##### Records for the task #####
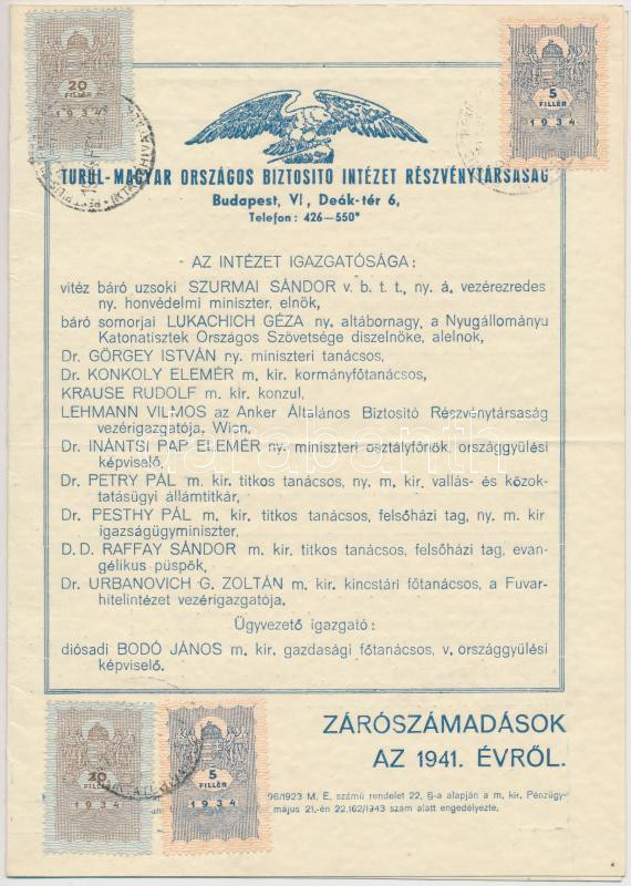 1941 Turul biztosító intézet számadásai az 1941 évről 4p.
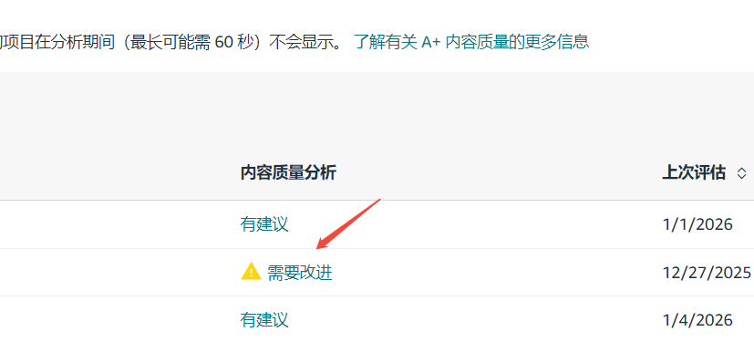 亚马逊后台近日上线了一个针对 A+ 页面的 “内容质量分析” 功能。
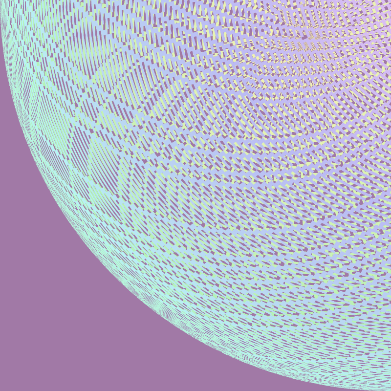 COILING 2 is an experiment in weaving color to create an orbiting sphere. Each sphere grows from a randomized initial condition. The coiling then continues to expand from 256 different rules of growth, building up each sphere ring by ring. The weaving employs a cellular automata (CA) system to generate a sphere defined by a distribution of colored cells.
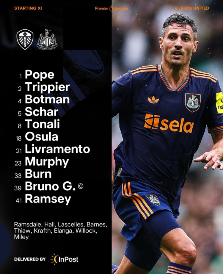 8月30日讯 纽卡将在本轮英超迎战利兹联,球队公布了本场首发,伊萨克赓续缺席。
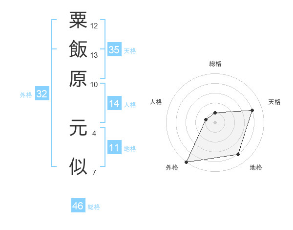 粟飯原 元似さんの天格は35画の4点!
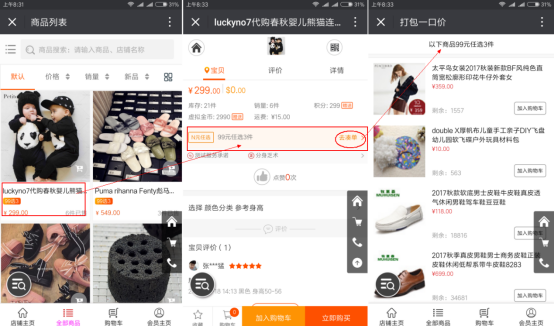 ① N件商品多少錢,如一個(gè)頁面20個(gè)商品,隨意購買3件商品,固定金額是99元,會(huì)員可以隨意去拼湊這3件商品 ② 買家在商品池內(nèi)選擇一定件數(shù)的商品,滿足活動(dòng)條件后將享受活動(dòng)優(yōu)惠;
#####
Required action: Transcribe each entry precisely as given, leaving the pictures out.

Solution to the exercise:
 1941 Turul biztosító intézet számadásai az 1941 évről 4p.
 亚马逊后台近日上线了一个针对 A+ 页面的 “内容质量分析” 功能。
 COILING 2 is an experiment in weaving color to create an orbiting sphere. Each sphere grows from a randomized initial condition. The coiling then continues to expand from 256 different rules of growth, building up each sphere ring by ring. The weaving employs a cellular automata (CA) system to generate a sphere defined by a distribution of colored cells.
 8月30日讯 纽卡将在本轮英超迎战利兹联,球队公布了本场首发,伊萨克赓续缺席。
 粟飯原 元似さんの天格は35画の4点!
 ① N件商品多少錢,如一個(gè)頁面20個(gè)商品,隨意購買3件商品,固定金額是99元,會(huì)員可以隨意去拼湊這3件商品 ② 買家在商品池內(nèi)選擇一定件數(shù)的商品,滿足活動(dòng)條件后將享受活動(dòng)優(yōu)惠;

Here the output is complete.